The foal that struggles to his feet when he is born, who eventually wobbles his way on his unsteady legs towards his mother for his first drink, gains life-giving milk and colostrum. His first experience of the world is of positive reinforcement – the gain of something appetitive and life giving.

The horse that turns his back to the wind and lowers his head in a hailstorm firstly escapes the painful feeling of hailstones on his face and then avoids further stinging pain by adjusting his position relative to the wind direction. His behaviour of turning away from the hail is negatively reinforced initially by his escape, and then he maintains or repeats that behaviour to avoid the pain from the hailstones. These are 2 forms of learning known as escape and avoidance learning, and these are what everyone relies on when using aversives to train horses.

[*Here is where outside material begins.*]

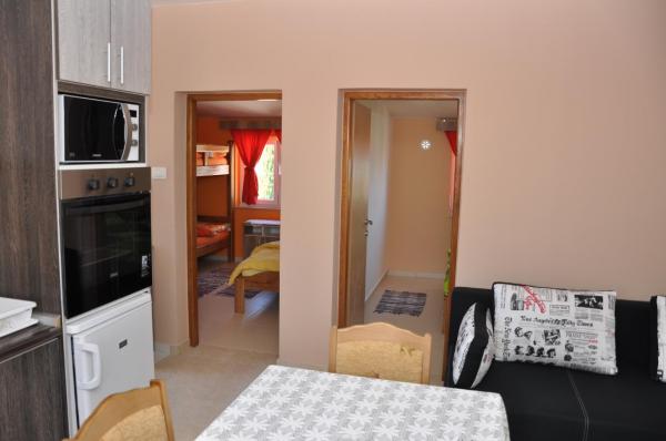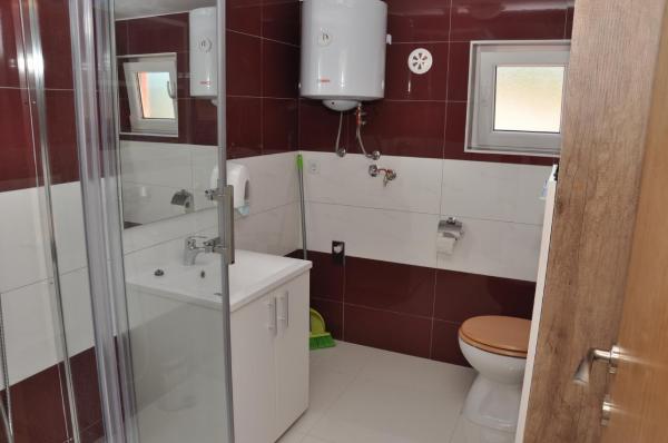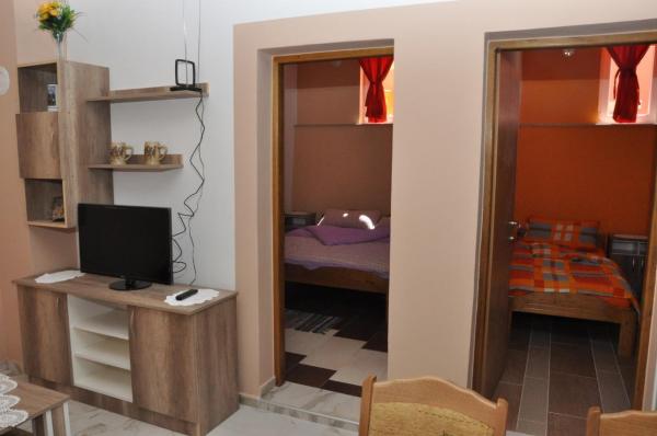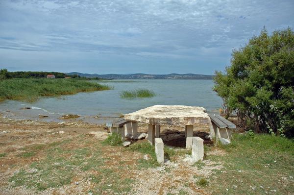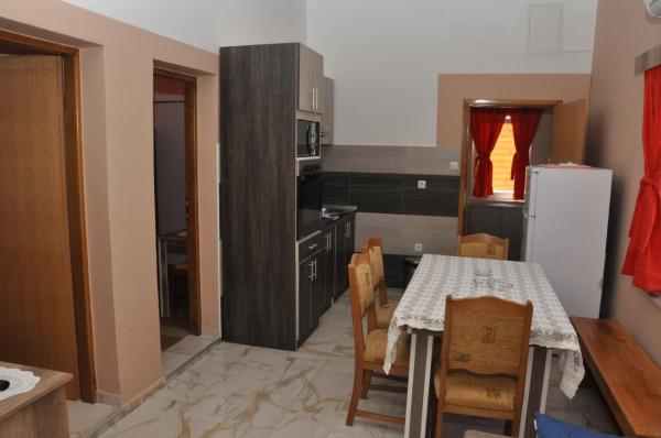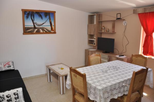 Bienvenue aux appartements Dora. Location de deux appartements séparés flambant neuf (énergie certificat B) sont à Gornji Karin, près de Zadar et Novigrad. Les appartements offrent une vue sur la mer et Velebit, sont situés à 300 m de la plage, chacun a 60 m2 et ont une entrée séparée. Elles sont équipées d'intérieur de qualité: salon et cuisine, deux chambres, une salle de bain privée avec douche et couloir. Les appartements disposent de la climatisation, wi-fi, TV satellite, réfrigérateur, four, plaques à induction, micro-ondes, des couverts et des boissons. Un appartement dispose d'une terrasse couverte et un balcon. cour entièrement est pavée de pierre naturelle de Benkovac. Dans la cour, deux tables de pierre avec des bancs en chêne, plate-forme pour une piscine pour les enfants, deux grands spit (grillé) avec un bureau, dans le cadre d'un grand parking.

The behaviour of the horse that pulls away from his handler when being led from the stable to the field is reinforced when he gets to the field full of grass and to his friends – more so if he ran out of hay hours ago, does not get much turn-out, is very anxious about being separated from his friends and experiences aversive handling when being led.

Whether we consider his behaviour to have positively reinforced (we imagine his behaviour results from him gaining food and friends and freedom), or negatively reinforced (we think he experiences temporary relief from the unpleasant psychological and physical feelings of being starved and hungry and separated and confined and restrained), we can definitely know that this behaviour of pulling away from someone leading him is reinforced, if it keeps happening – even though we cannot know for sure what it is that he finds most reinforcing.

We know that behaviour that results in reinforcement will be repeated, so if we want to train a desirable behaviour, we need to have a way to form that behaviour first and a way to provide a reinforcing consequence for the horse so that the horse wants to do it again in the same circumstances. Only then can we get it on cue.

The key difference between positive reinforcement training and every other kind, is that as trainers we try to use ways of forming behaviour that do not involve creating aversive situations for the horse to escape or avoid.

How do we get behaviour so we can reinforce it?

Whether we choose to deploy negative reinforcement or positive reinforcement strategies, there are only 6 different ways we can form behaviour – or indeed that behaviour comes about, whether it is behaviour we want or don’t want – in any animal.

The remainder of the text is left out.